>>

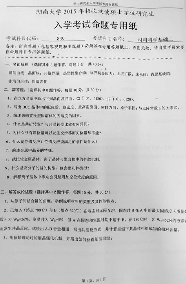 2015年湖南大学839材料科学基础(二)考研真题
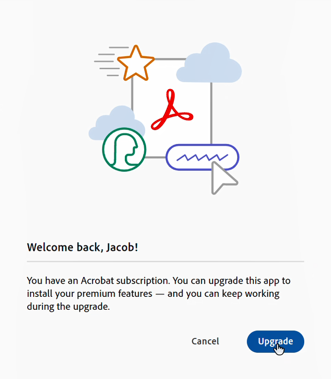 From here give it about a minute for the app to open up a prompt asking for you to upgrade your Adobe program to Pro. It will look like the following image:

<<
>>

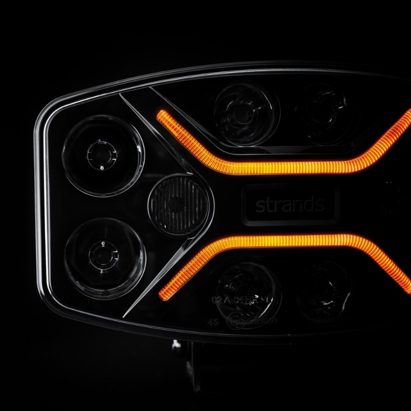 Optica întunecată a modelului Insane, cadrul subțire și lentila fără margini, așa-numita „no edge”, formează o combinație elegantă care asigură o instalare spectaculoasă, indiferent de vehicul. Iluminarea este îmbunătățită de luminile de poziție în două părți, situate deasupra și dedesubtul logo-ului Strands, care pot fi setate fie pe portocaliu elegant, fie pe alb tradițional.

<<
>>

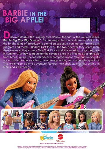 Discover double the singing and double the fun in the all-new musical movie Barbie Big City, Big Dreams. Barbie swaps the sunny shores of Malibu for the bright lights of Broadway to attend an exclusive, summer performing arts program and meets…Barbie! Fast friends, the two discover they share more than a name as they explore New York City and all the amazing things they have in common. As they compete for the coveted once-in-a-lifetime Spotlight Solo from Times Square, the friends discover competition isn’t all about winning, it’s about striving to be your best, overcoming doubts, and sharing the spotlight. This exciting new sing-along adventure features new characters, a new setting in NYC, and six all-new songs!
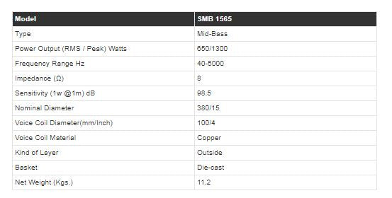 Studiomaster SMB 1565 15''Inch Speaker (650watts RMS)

<<

Print exactly the lines above that run from the one with "2015年湖南大学839材料科学基础(二)考研真题" down to the one with "From here give", and omit the pictures.

**Task response:**
 2015年湖南大学839材料科学基础(二)考研真题
 From here give it about a minute for the app to open up a prompt asking for you to upgrade your Adobe program to Pro. It will look like the following image:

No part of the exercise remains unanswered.